Exercise directions: Give again, word for word, only the lines of the material below from its first line through the one that holds "2025 年 12 月"; pictures stay out.

Given data:
===============

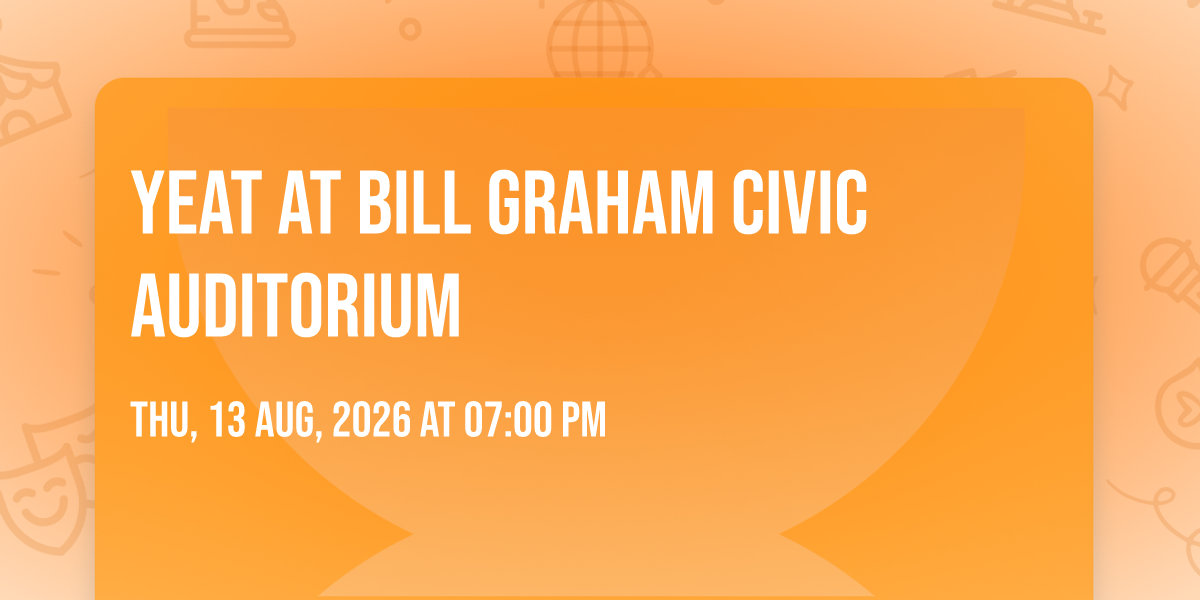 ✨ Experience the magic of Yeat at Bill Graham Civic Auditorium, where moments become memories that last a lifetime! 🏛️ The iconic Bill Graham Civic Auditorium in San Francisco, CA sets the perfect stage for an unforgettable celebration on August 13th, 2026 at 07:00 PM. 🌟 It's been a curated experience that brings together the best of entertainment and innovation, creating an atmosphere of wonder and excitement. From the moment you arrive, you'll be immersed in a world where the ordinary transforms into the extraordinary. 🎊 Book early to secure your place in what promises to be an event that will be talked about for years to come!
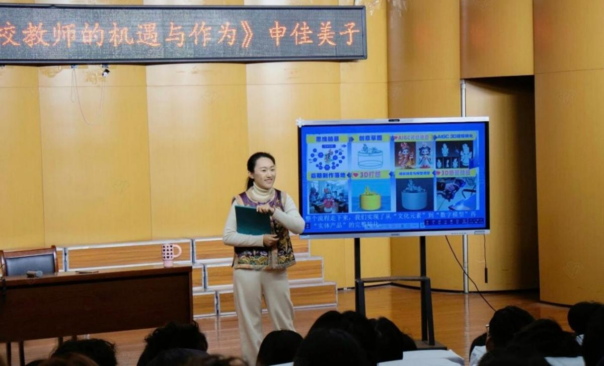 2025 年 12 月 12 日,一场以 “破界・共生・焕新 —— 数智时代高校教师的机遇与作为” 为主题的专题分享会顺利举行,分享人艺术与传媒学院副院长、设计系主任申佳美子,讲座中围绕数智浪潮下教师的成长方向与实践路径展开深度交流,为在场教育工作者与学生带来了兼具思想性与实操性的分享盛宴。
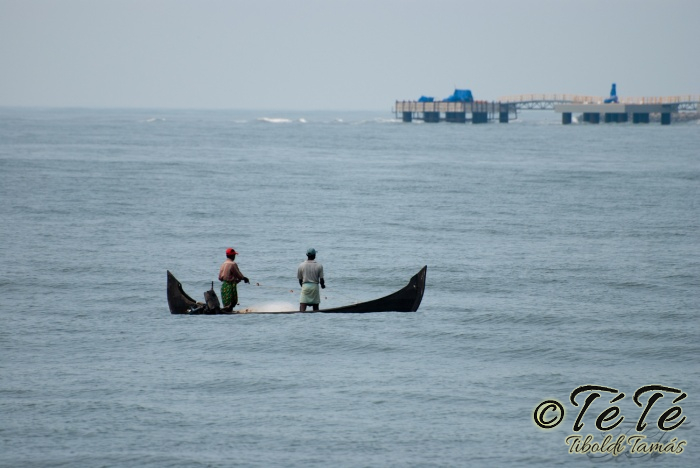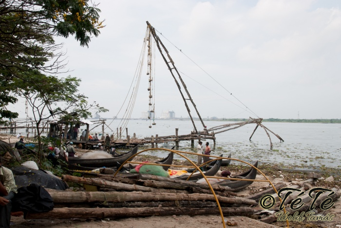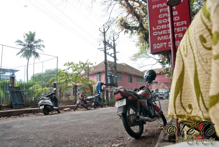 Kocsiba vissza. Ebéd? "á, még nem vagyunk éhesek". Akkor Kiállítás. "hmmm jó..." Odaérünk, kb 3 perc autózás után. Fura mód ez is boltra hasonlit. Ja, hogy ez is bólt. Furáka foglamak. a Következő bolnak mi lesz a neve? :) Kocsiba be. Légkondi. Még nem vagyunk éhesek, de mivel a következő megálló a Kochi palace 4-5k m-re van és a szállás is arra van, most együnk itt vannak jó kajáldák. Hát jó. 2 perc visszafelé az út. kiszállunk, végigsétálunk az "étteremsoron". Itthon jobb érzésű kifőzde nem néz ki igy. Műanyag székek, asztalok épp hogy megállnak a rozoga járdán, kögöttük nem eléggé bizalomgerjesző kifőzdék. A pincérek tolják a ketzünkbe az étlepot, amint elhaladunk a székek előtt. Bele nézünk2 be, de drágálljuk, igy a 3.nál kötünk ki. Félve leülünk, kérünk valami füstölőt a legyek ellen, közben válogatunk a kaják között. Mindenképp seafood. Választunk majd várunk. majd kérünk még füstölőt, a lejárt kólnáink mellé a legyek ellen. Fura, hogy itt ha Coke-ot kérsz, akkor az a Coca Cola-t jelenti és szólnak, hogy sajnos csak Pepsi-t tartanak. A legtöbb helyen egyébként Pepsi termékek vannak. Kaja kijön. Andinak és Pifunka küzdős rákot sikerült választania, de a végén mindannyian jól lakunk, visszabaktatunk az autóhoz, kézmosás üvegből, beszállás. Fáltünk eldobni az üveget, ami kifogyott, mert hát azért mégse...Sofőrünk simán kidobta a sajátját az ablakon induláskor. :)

===============

Response area:
 ✨ Experience the magic of Yeat at Bill Graham Civic Auditorium, where moments become memories that last a lifetime! 🏛️ The iconic Bill Graham Civic Auditorium in San Francisco, CA sets the perfect stage for an unforgettable celebration on August 13th, 2026 at 07:00 PM. 🌟 It's been a curated experience that brings together the best of entertainment and innovation, creating an atmosphere of wonder and excitement. From the moment you arrive, you'll be immersed in a world where the ordinary transforms into the extraordinary. 🎊 Book early to secure your place in what promises to be an event that will be talked about for years to come!
 2025 年 12 月 12 日,一场以 “破界・共生・焕新 —— 数智时代高校教师的机遇与作为” 为主题的专题分享会顺利举行,分享人艺术与传媒学院副院长、设计系主任申佳美子,讲座中围绕数智浪潮下教师的成长方向与实践路径展开深度交流,为在场教育工作者与学生带来了兼具思想性与实操性的分享盛宴。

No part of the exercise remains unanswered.